At least 25 percent would have to support proposed constitutional amenddment for it to make ballot next year
BOSTON Lawmakers on Wednesday postponed a vote on a proposed constitutional amendment to ban gay marriage in Massachusetts until at least June 14.
As expected, a joint session of the House and Senate convened, but quickly recessed without a vote on the amendment.
Lawmakers were scheduled to reconvene in a joint session on June 14, although it’s unclear whether a vote will take place then because they could agree to postpone the debate again.
Senate President Therese Murray, D-Plymouth, presided over the session, which lasted less than a minute. Murray is opposed to the amendment and has said she would work to defeat it. But she also has said she would let the amendment come up for a vote.
Before it can reach the 2008 ballot, the proposed amendment needs the backing of 25 percent – or at least 50 lawmakers in two successive sittings of the Legislature.
It won approval in the previous Legislature in January.
Those opposed and in support of gay marriage agree that based on past votes and the stated positions of incoming lawmakers, about 57 support the amendment. There are 200 lawmakers in the House and Senate.
“We feel that our votes are very solid,” said Kris Mineau, president of the Massachusetts Family Institute, which collected signatures for the proposed amendment. “Let’s have a vote on June 14.”

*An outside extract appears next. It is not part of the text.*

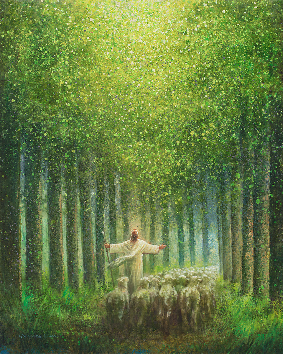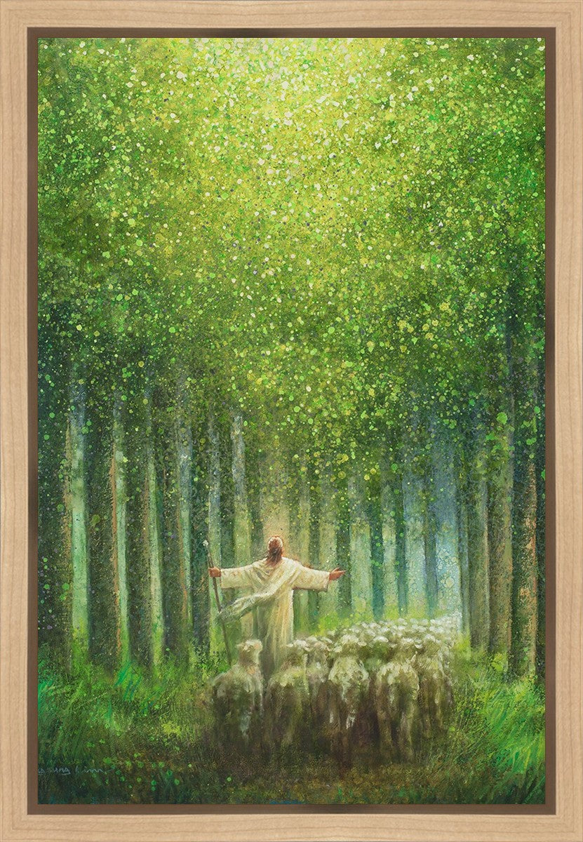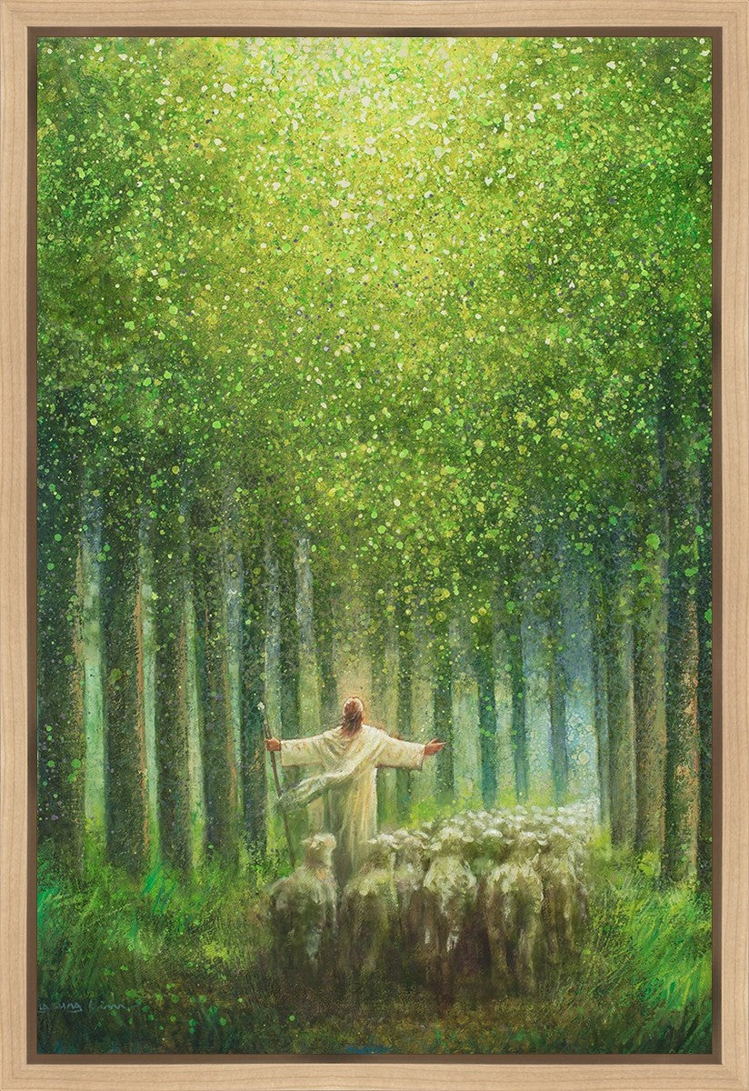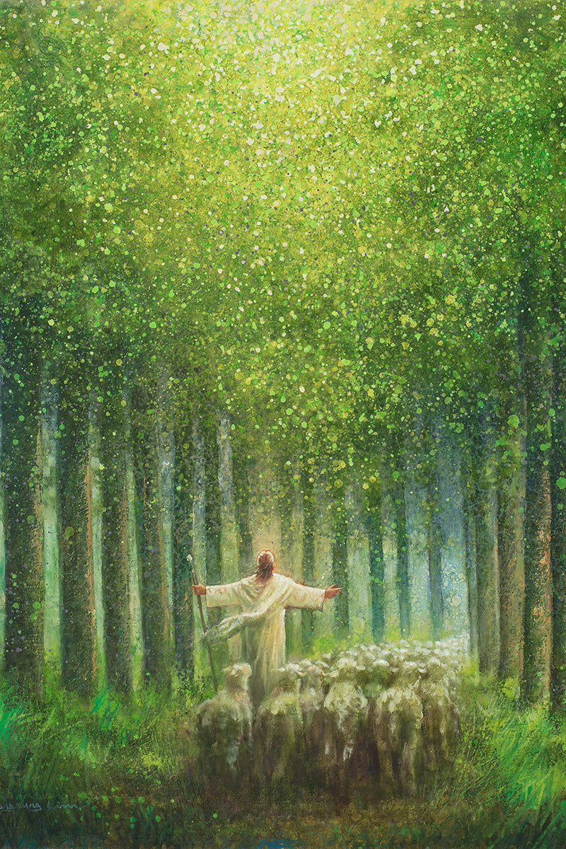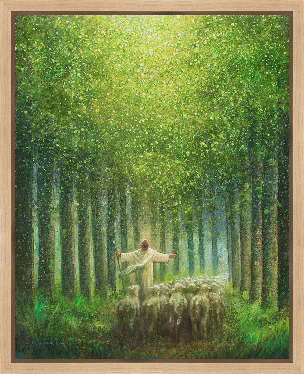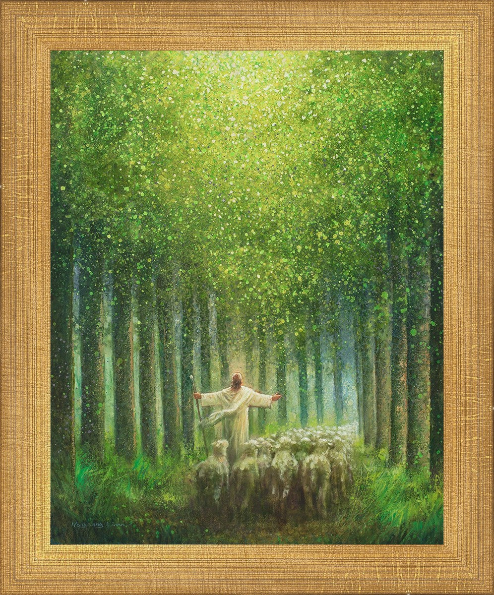 In the depths of a dark and mysterious forest the Good Shepherd guides a flock of sheep with gentle authority. The radiant light of God illuminates the way. The heavenly glow of God's light serves as a constant reminder that even in the most foreboding circumstances, Jesus will guide his beloved flock to the eternal pastures of peace and fulfillment.

Gay marriage advocates said they were pulling out all the stops to try to change votes to block the amendment from reaching the ballot, arguing the civil rights of minority groups should not be put to a public vote.
“We’ve made up some ground, but we need to make up more,” said Arline Isaacson, co-chair of the Massachusetts Gay and Lesbian Political Caucus.
“We’ve been working very hard.”
This article appeared in the Dallas Voice print edition, April 27, 2007.